In a brief onstage conversation with IT Minister Ashwini Vaishnaw, OpenAI CEO Sam Altman said that his remarks in 2022 that it was “hopeless” for Indian firms to compete with the United States on building a foundational Artificial Intelligence model were “taken out of context”. Those remarks have been in focus since the Chinese firm DeepSeek managed to build a foundational model at par with OpenAI and other leading firms’ AI models at a fraction of the cost. OpenAI was “really excited to do a lot more together” in India, Mr. Altman said.
Mr. Altman cited so-called small language models, which are less expensive to build, and also acknowledged the decreases in cost that training AI models had undergone. “It’s still expensive to train” advanced AI models, Mr. Altman conceded, adding that “to stay at the frontier, costs will rise on an exponential curve, but also the returns to increase in intelligence are exponential in terms of the economic value, the scientific value that you can create.”

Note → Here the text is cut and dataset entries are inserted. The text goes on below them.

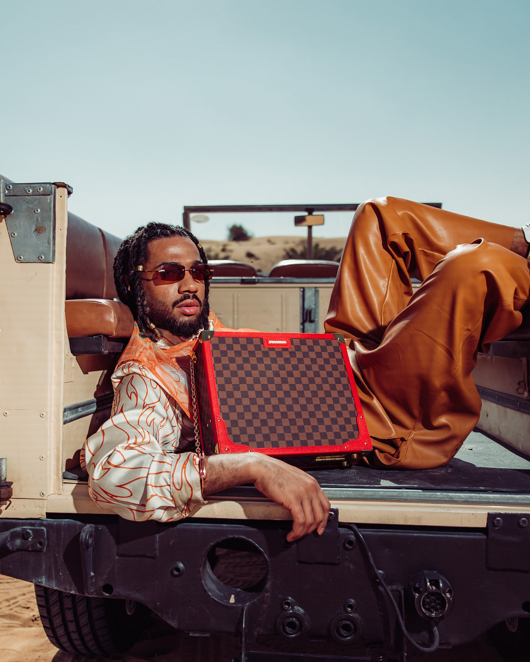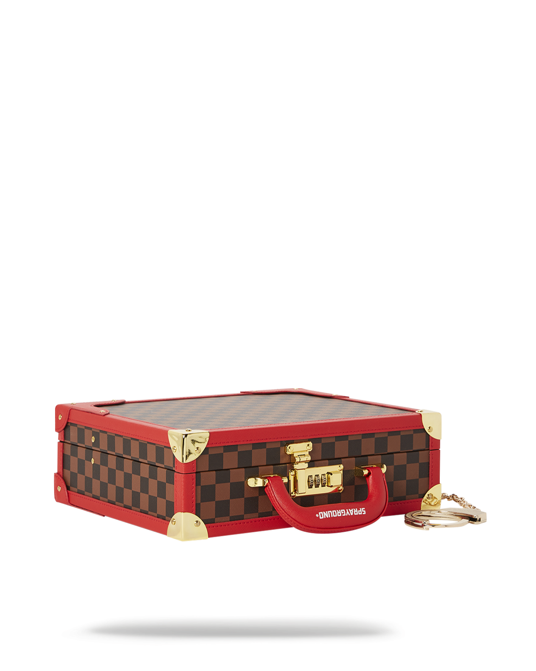Customized Red Satin lining with Embossed Shark logo and Vegan leather trims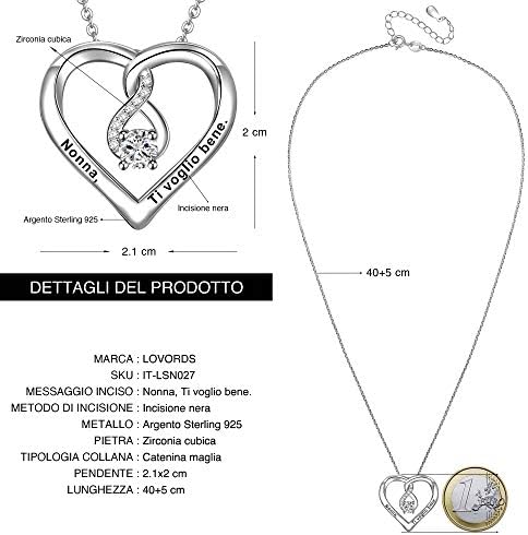 #LOVORDS #Collana #Donna #Incisa #Personalizzata #Argento #Sterling #Pendente #Ciondolo #Cuore #Infinito #Regalo #Mamma #Madre #Fidanzata #Moglie #Nonna #Figlia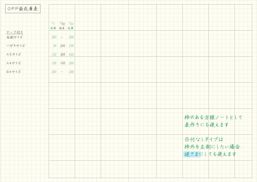 こちらは左側に方眼のフリースペースが来るようにして、在庫管理表にする使い方です。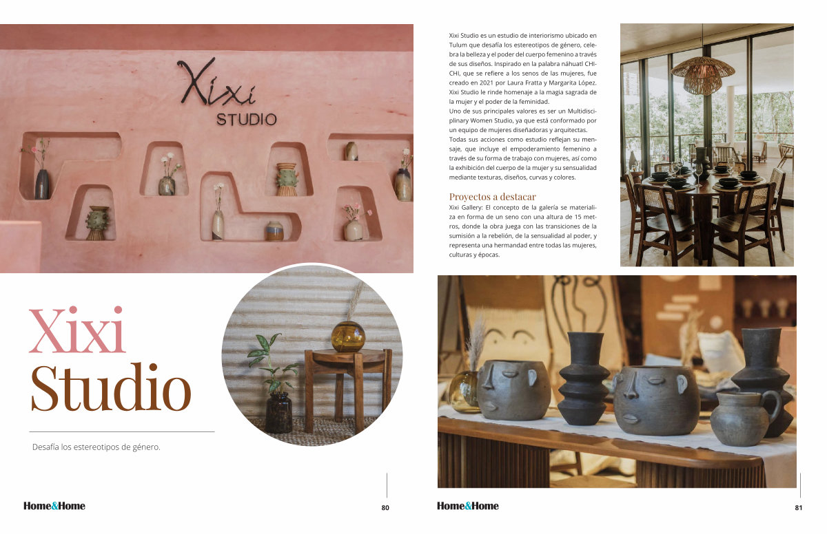 Xixi Studio es un estudio de interiorismo ubicado en Tulum que desafía los estereotipos de género , celebra la belleza y el poder del cuerpo femenino a través de sus diseños . Inspirado en la palabra náhuatl CHI- CHI , que se refiere a los senos de las mujeres , fue creado en 2021 por Laura Fratta y Margarita López . Xixi Studio le rinde homenaje a la magia sagrada de la mujer y el poder de la feminidad . Uno de sus principales valores es ser un Multidisciplinary Women Studio , ya que está conformado por un equipo de mujeres diseñadoras y arquitectas . Todas sus acciones como estudio reflejan su mensaje , que incluye el empoderamiento femenino a través de su forma de trabajo con mujeres , así como la exhibición del cuerpo de la mujer y su sensualidad mediante texturas , diseños , curvas y colores .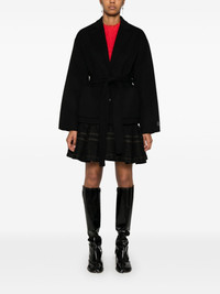 belted jacket Highlights - Black - Wool-cashmere blend - Felted finish - Detachable belt - Front button fastening - Notched lapels - Long sleeves - Two side patch pockets - Unlined - Straight hem Imported Composition Wool 90%, Cashmere 10% SIZE & FIT Model measurements Height 5 ft 10 in(1.77 m) Bust/Chest 33.07 in(84 cm) Hips 37 in(94 cm) Waist 24.8 in(63 cm) FittingInformation Designed to be unstructured, offering a loose fit throughout The tie fastening gives an adaptable and personalised fit Made from a midweight non-stretch fabric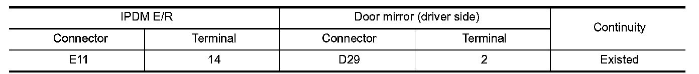 3.Check continuity between IPDM E/R harness connector and door mirror (driver side) harness connector.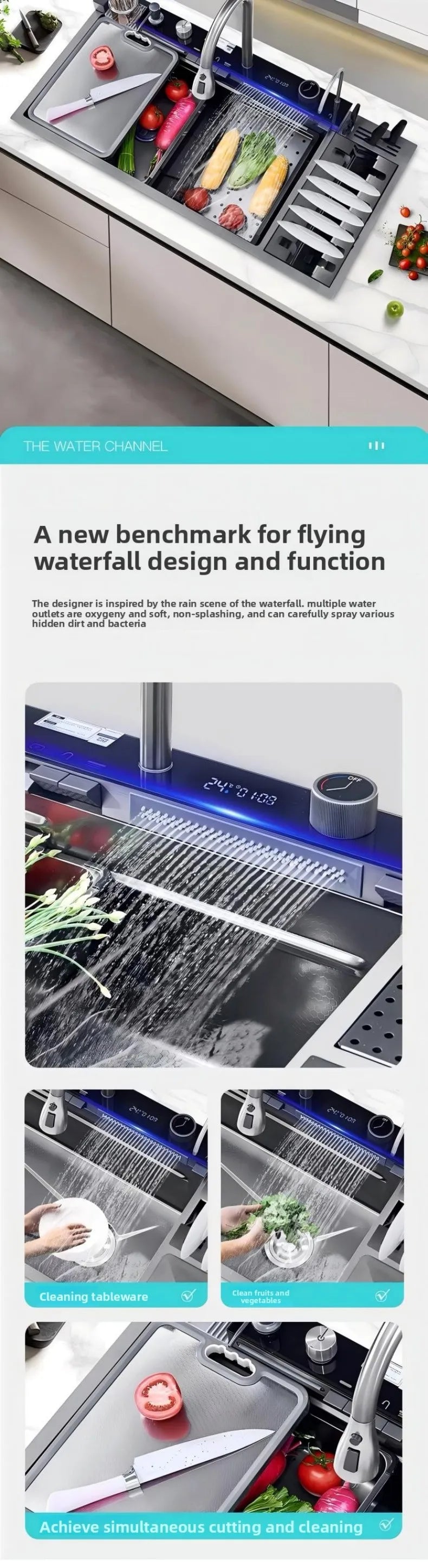 Large Single-Basin Digital Intelligent Sinks Water Bowl Stand 100x46cm Thickened Stainless Steel for Multi-Functional Kitchen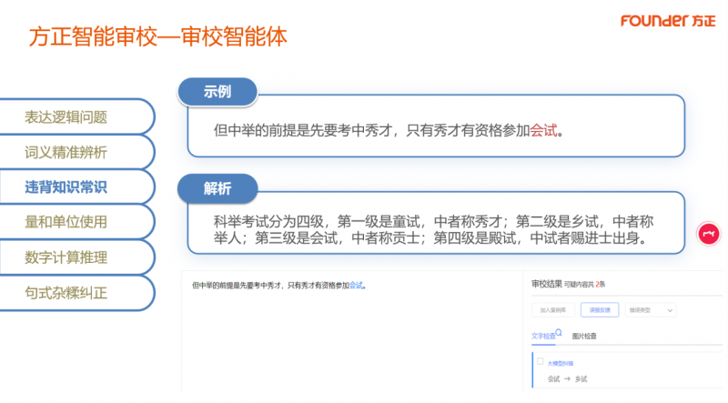 相较于通用大模型存在的“幻觉”、过度润色、准确性难以保证等问题,方正审校智能体立足于专业语料库,聚焦出版专业需求,不仅可以完成基础的敏感内容检查,更能深入开展表达逻辑审校、词义精准辨析、违背知识常识排查、量和单位规范使用、数字计算推理验证、句式杂糅纠正等深层次编校工作,识别精准、解析专业,有效释放编辑生产力,使编辑可以从繁琐的文字校对工作中抽身,专注于内容深层价值的挖掘。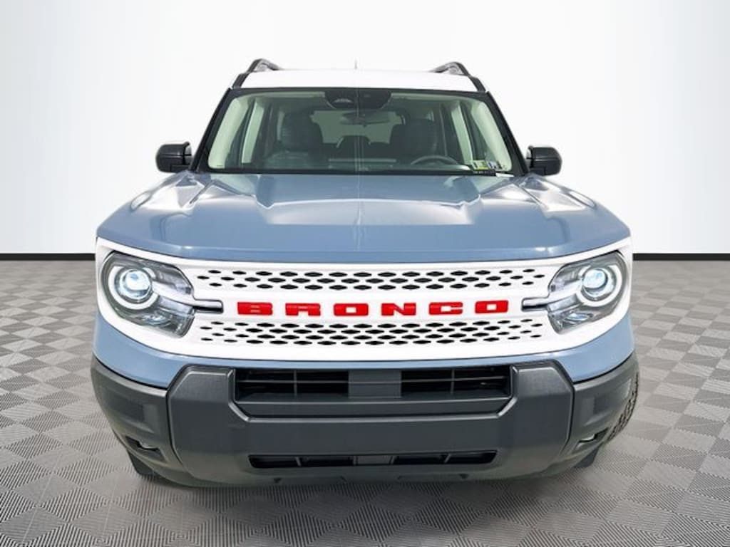 Azure Gray Metallic Tri-Coat 2025 Ford Bronco Sport Heritage 4WD 1.5L EcoBoost 4D Sport Utility 8-Speed Automatic Convenience Package, Equipment Group 250A, Front Driver/Passenger Seat Back Map Pockets, Heated 8-Way Power Driver's Seat, LED Fog Lamps, Premium Wrapped Steering Wheel, Universal Garage Door Opener (UGDO), 2nd Row Carpeted Seatback, 4-Wheel Disc Brakes, 6 Speakers, ABS brakes, Air Conditioning, Alloy wheels, AM/FM radio: SiriusXM, AM/FM Stereo, Auto High-beam Headlights, Automatic temperature control, Brake assist, Cargo Mat, Compass, Delay-off headlights, Driver door bin, Driver vanity mirror, Dual front impact airbags, Dual front side impact airbags, Electronic Stability Control, Emergency communication system: SYNC 4 911 Assist, Four wheel independent suspension, Front & Rear Floor Liners w/o Carpet Mats, Front anti-roll bar, Front Bucket Seats, Front Center Armrest, Front reading lights, Fully automatic headlights, Heated door mirrors, Illuminated entry, Knee airbag, Low tire pressure warning, Occupant sensing airbag, Outside temperature display, Overhead airbag, Overhead console, Panic alarm, Passenger door bin, Passenger vanity mirror, Plaid Cloth Front Bucket Seats, Power door mirrors, Power steering, Power windows, Radio data system, Rear anti-roll bar, Rear Parking Sensors, Rear reading lights, Rear seat center armrest, Rear window defroster, Rear window wiper, Remote keyless entry, Security system, SiriusXM, Speed control, Speed-sensing steering, Speed-Sensitive Wipers, Split folding rear seat, Steering wheel mounted audio controls, SYNC 4 w/Enhanced Voice Recognition, Tachometer, Telescoping steering wheel, Tilt steering wheel, Traction control, Trip computer, Variably intermittent wipers, Wheels: 17" Oxford White-Painted Aluminum, Convenience Package, Equipment Group 250A, Front Driver/Passenger Seat Back Map Pockets, Heated 8-Way Power Driver's Seat, LED Fog Lamps, Premium Wrapped Steering Wheel, Universal Garage Door Opener (UGDO).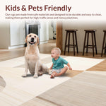 - Soft and Fluffy Comfort: This low pile rug is made from a faux cashmere texture, offering a smooth, soft touch that elevates any room. Ideal for areas where comfort matters without compromising on easy maintenance.
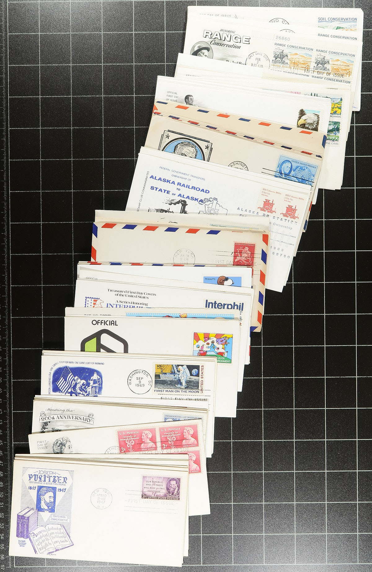 Lovely assortment of roughly 500 United States first day covers, 1930's-2000's, loose in a box. We note a nice variety of items noting singles, blocks, plate blocks, booklet panes, souvenir sheet, and high denomination frankings. Many of the covers have privately made cachets from Art Craft, Fleetwood, STC, Cachet Craft, C. Stephen Anderson, and more. Most of the covers retail $1 to $3 each, along with some in the $10 to $20 range. A nice lot for collectors and dealers alike. Estimate =
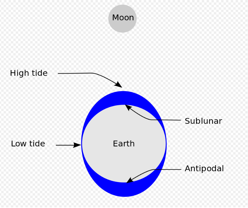 - بسبب الجاذبية، فالقمر والشمس وجاذبيتهم القوية أثناء دوران الكوكب لهم عامل كبير في إحداث ظاهرة المد والجزر، وبدوران الكوكب وبحساب قرب أو بعد القمر وقوة جاذبيته نجد ان هذه الظاهرة يمكن أن تحدث مرتين في اليوم (كلما قرب القمر من الكوكب كلما زادت جاذبيته وزاد تأثيره على البحار والمحيطات).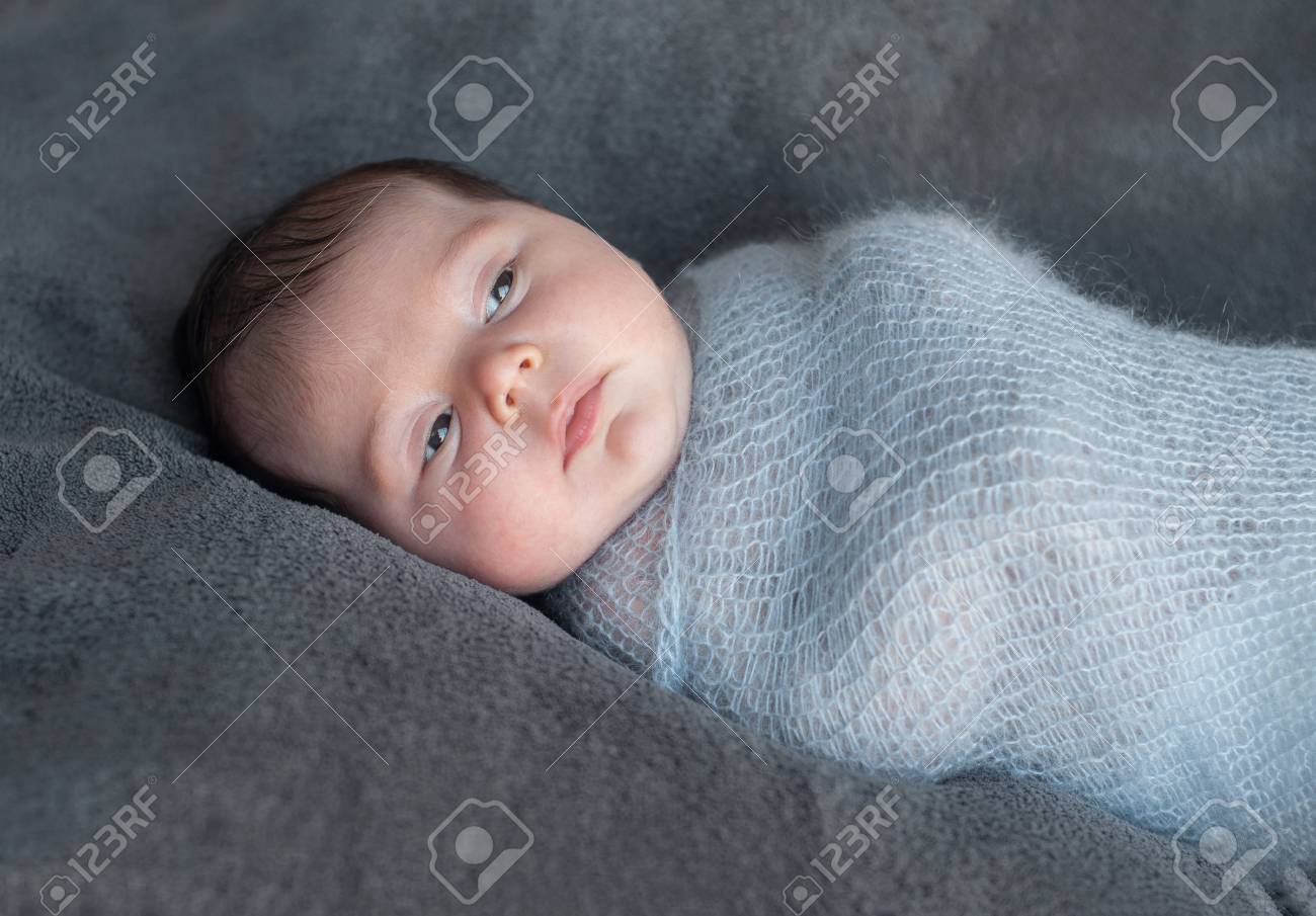 Immagini Stock Neonato Avvolto In Coperta Calda A Maglia Bello Ritratto Di Un Bambino Appena Nato Che E Sveglio E Guarda Intorno Image 74278167
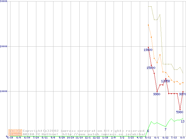PC3200(DDR400) DDR SDRAM DIMMの最安値推移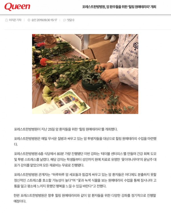 [Queen] 포레스트한방병원, 암 환우들을 위한 '힐링원예테라피'개최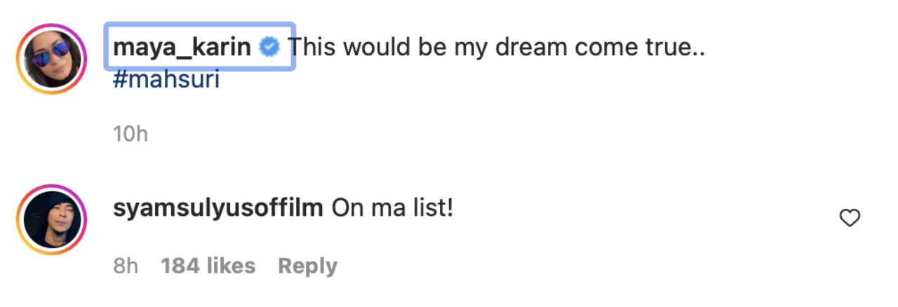 Di Instagram, hasrat Maya ternyata berjaya mendapat perhatian pengarah berusia 38 tahun itu. Menerusi kapsyen, Syamsul seolah-olah bercadang untuk menterjemah watak ikonik berkenaan ke layar perak. Tambah Syamsul, idea yang diusulkan oleh Maya sangat bagus dan boleh direalisasikan pada masa akan datang.
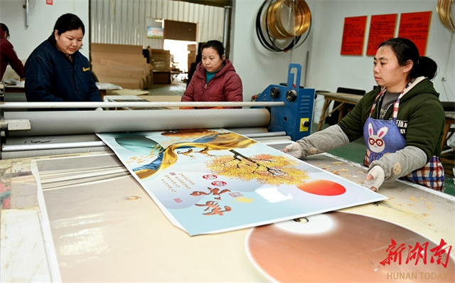 The photo shows workers producing decorative pictures at Huangqiao Town, Dongkou County. Recently, decorative painting enterprises have been ramping up production to fulfill orders for the upcoming Spring Festival, with the aim of ensuring stable market supply. (Photo/Teng Zhizhong)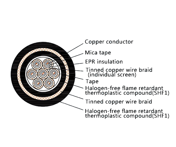 The CKEPFP86/NC is an advanced Fire Resistant and Low Smoke Halogen Free (LSHF) marine control cable, engineered for critical safety and control systems that demand the highest levels of operational integrity and personnel safety during fire incidents. Featuring a mica glass tape and EPR insulation core for certified fire resistance, combined with Halogen-Free Low Smoke properties, an EMI/RFI screen, and a flexible tinned copper wire braid armor within a double-layer Thermoplastic Polyolefin (SHF1) sheath, this cable provides an optimal balance of protection, flexibility, and signal clarity for the most demanding applications.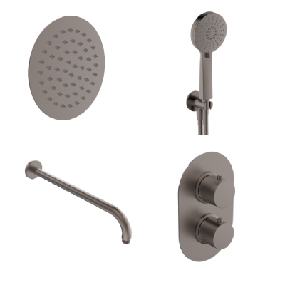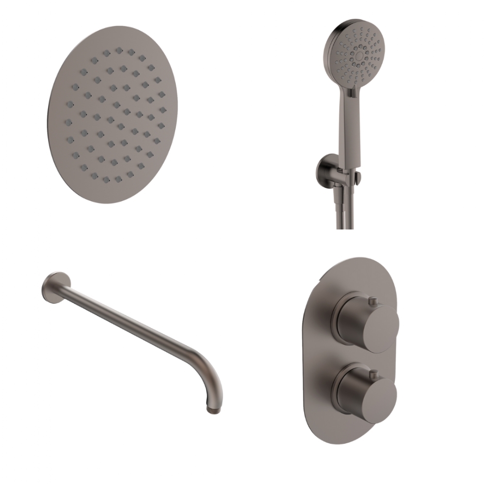 Rondo set de douche encastr therm. 2-voies mtal-fusil 20 cm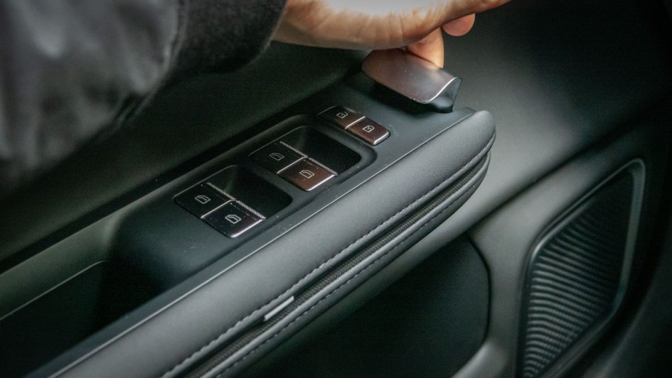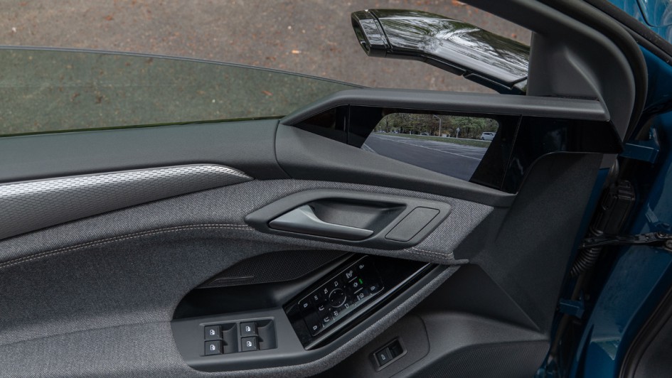 von 36: Die kapazitiven Felder für Sitzmemory, Spiegelverstellung und Lichtfunktionen in der Türverkleidung des Audi A6 e-tron sind deplatziert und aufgrund der Materialanmutung eines Audi nicht würdig. Die Fensterheber sind aufgrund dessen zu weit hinten angebracht, so dass beim Bedienen das Handgelenk wohl meistens ungünstig abgewinkelt werden muss.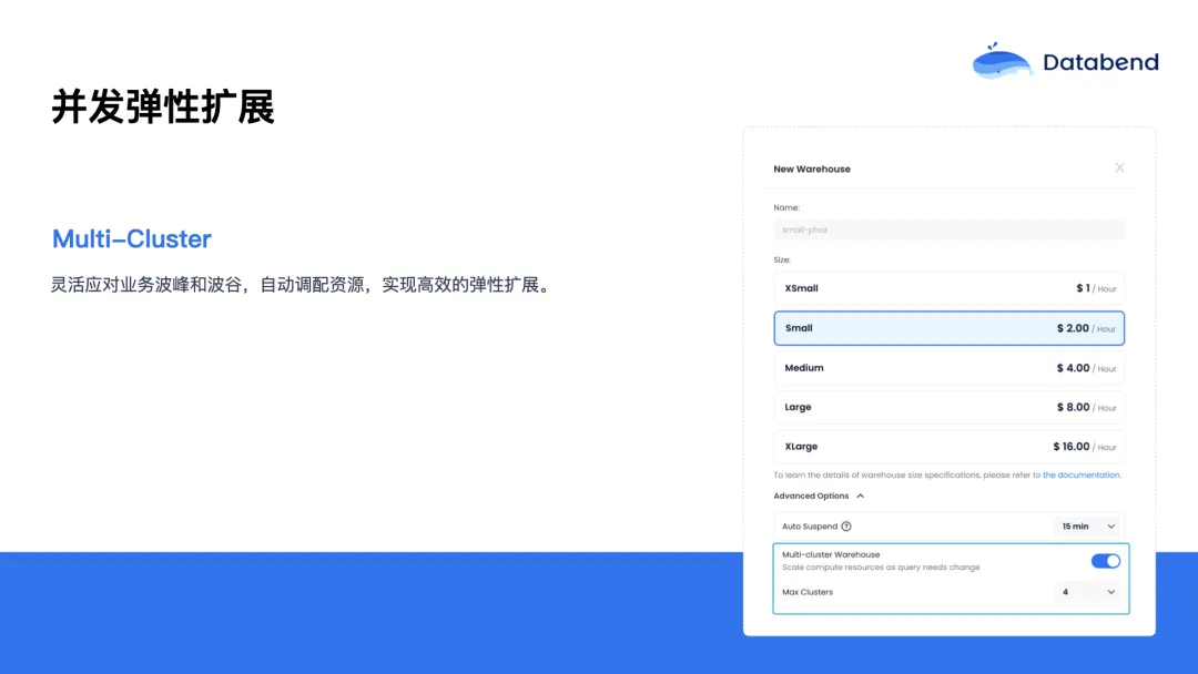为此,Databend Cloud 提供了强大的 Multi-cluster 弹性能力: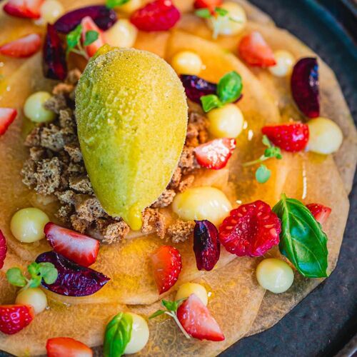 The menu features modern French cuisine, which is rich in enthusiasm and sophistication. Seasonal produce takes pride of place on the inventive menu. A genuine culinary experience.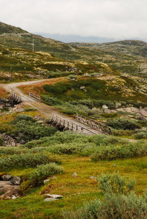A path in the mountains. Hiking trail overlooking hills covered with wildlife and stones. Norwegian landscape. There is a bridge over the stream. Norway, Scandinavia.

The cost of one “unit of intelligence,” Mr. Altman said, is falling tenfold annually. “Our young entrepreneurs and our startups are really, really focused on getting that next level of [cost reduction],” Mr. Vaishnaw said, citing the Chandrayaan Mission’s low cost. “Of course, we are creating certain very good data sets which will be used for training the models in an Indian context in terms of language and the cultural and regional nuances within the country,” Mr. Vaishnaw said.
Mr. Altman also spoke of the firm’s new deep research model, and hoped to make a lot of intellectually taxing work far more efficient, especially in research fields. “If you are a scientist trying to cure some disease, deep research is surely not going to cure that disease on its own,” Mr. Altman said. “But if you can farm out the tasks that took you a lot of time but were lower value” like literature reviews or equipment ordering instructions, “maybe you can be twice as efficient.”